The entries that follow should be duplicated in full, without a single alteration.

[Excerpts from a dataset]
··········

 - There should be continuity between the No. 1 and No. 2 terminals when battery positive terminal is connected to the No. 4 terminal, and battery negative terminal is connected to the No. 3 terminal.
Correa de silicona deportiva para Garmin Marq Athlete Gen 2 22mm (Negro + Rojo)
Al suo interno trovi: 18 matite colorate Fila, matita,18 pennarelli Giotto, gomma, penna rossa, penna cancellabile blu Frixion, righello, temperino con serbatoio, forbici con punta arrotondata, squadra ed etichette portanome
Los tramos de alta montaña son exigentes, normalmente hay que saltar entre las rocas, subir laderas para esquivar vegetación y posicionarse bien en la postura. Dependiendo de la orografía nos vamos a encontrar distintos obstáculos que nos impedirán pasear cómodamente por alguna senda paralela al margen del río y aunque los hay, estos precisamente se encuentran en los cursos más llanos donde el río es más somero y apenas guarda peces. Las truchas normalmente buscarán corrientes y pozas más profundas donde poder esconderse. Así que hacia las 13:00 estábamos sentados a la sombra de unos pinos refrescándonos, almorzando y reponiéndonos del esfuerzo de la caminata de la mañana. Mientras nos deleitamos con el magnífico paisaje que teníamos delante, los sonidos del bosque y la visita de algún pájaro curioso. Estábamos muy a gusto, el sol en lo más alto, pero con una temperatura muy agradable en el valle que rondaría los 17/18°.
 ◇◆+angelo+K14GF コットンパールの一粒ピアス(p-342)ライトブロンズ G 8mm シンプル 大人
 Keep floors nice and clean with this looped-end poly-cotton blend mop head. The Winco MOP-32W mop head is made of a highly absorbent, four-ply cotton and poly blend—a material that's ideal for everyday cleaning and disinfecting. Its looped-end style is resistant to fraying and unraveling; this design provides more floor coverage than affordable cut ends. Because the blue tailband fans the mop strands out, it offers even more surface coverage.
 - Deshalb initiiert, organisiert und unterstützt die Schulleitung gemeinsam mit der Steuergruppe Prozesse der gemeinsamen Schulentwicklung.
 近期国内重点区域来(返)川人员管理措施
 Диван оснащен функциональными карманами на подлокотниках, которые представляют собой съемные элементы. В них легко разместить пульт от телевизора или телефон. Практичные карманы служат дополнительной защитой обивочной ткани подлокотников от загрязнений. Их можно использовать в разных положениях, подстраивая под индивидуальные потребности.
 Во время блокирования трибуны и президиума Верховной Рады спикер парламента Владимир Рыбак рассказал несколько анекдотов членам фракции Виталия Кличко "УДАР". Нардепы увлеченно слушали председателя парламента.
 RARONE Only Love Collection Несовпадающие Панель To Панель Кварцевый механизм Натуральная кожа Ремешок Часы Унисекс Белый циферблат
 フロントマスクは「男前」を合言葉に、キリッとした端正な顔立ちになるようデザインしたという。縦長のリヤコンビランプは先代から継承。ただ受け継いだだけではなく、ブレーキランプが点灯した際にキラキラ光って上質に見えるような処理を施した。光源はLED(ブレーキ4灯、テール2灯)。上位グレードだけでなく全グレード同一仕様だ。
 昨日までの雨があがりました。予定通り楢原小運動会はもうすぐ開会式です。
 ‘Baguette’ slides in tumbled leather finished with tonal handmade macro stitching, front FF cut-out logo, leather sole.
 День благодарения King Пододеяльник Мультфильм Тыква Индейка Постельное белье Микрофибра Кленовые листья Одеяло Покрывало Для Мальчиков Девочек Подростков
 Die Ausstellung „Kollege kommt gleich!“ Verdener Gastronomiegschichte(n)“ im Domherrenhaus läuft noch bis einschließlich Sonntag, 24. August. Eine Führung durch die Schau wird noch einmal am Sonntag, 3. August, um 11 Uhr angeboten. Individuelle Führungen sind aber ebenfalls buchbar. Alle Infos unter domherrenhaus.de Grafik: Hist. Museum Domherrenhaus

··········

# Output for this task
 - There should be continuity between the No. 1 and No. 2 terminals when battery positive terminal is connected to the No. 4 terminal, and battery negative terminal is connected to the No. 3 terminal.
Correa de silicona deportiva para Garmin Marq Athlete Gen 2 22mm (Negro + Rojo)
Al suo interno trovi: 18 matite colorate Fila, matita,18 pennarelli Giotto, gomma, penna rossa, penna cancellabile blu Frixion, righello, temperino con serbatoio, forbici con punta arrotondata, squadra ed etichette portanome
Los tramos de alta montaña son exigentes, normalmente hay que saltar entre las rocas, subir laderas para esquivar vegetación y posicionarse bien en la postura. Dependiendo de la orografía nos vamos a encontrar distintos obstáculos que nos impedirán pasear cómodamente por alguna senda paralela al margen del río y aunque los hay, estos precisamente se encuentran en los cursos más llanos donde el río es más somero y apenas guarda peces. Las truchas normalmente buscarán corrientes y pozas más profundas donde poder esconderse. Así que hacia las 13:00 estábamos sentados a la sombra de unos pinos refrescándonos, almorzando y reponiéndonos del esfuerzo de la caminata de la mañana. Mientras nos deleitamos con el magnífico paisaje que teníamos delante, los sonidos del bosque y la visita de algún pájaro curioso. Estábamos muy a gusto, el sol en lo más alto, pero con una temperatura muy agradable en el valle que rondaría los 17/18°.
 ◇◆+angelo+K14GF コットンパールの一粒ピアス(p-342)ライトブロンズ G 8mm シンプル 大人
 Keep floors nice and clean with this looped-end poly-cotton blend mop head. The Winco MOP-32W mop head is made of a highly absorbent, four-ply cotton and poly blend—a material that's ideal for everyday cleaning and disinfecting. Its looped-end style is resistant to fraying and unraveling; this design provides more floor coverage than affordable cut ends. Because the blue tailband fans the mop strands out, it offers even more surface coverage.
 - Deshalb initiiert, organisiert und unterstützt die Schulleitung gemeinsam mit der Steuergruppe Prozesse der gemeinsamen Schulentwicklung.
 近期国内重点区域来(返)川人员管理措施
 Диван оснащен функциональными карманами на подлокотниках, которые представляют собой съемные элементы. В них легко разместить пульт от телевизора или телефон. Практичные карманы служат дополнительной защитой обивочной ткани подлокотников от загрязнений. Их можно использовать в разных положениях, подстраивая под индивидуальные потребности.
 Во время блокирования трибуны и президиума Верховной Рады спикер парламента Владимир Рыбак рассказал несколько анекдотов членам фракции Виталия Кличко "УДАР". Нардепы увлеченно слушали председателя парламента.
 RARONE Only Love Collection Несовпадающие Панель To Панель Кварцевый механизм Натуральная кожа Ремешок Часы Унисекс Белый циферблат
 フロントマスクは「男前」を合言葉に、キリッとした端正な顔立ちになるようデザインしたという。縦長のリヤコンビランプは先代から継承。ただ受け継いだだけではなく、ブレーキランプが点灯した際にキラキラ光って上質に見えるような処理を施した。光源はLED(ブレーキ4灯、テール2灯)。上位グレードだけでなく全グレード同一仕様だ。
 昨日までの雨があがりました。予定通り楢原小運動会はもうすぐ開会式です。
 ‘Baguette’ slides in tumbled leather finished with tonal handmade macro stitching, front FF cut-out logo, leather sole.
 День благодарения King Пододеяльник Мультфильм Тыква Индейка Постельное белье Микрофибра Кленовые листья Одеяло Покрывало Для Мальчиков Девочек Подростков
 Die Ausstellung „Kollege kommt gleich!“ Verdener Gastronomiegschichte(n)“ im Domherrenhaus läuft noch bis einschließlich Sonntag, 24. August. Eine Führung durch die Schau wird noch einmal am Sonntag, 3. August, um 11 Uhr angeboten. Individuelle Führungen sind aber ebenfalls buchbar. Alle Infos unter domherrenhaus.de Grafik: Hist. Museum Domherrenhaus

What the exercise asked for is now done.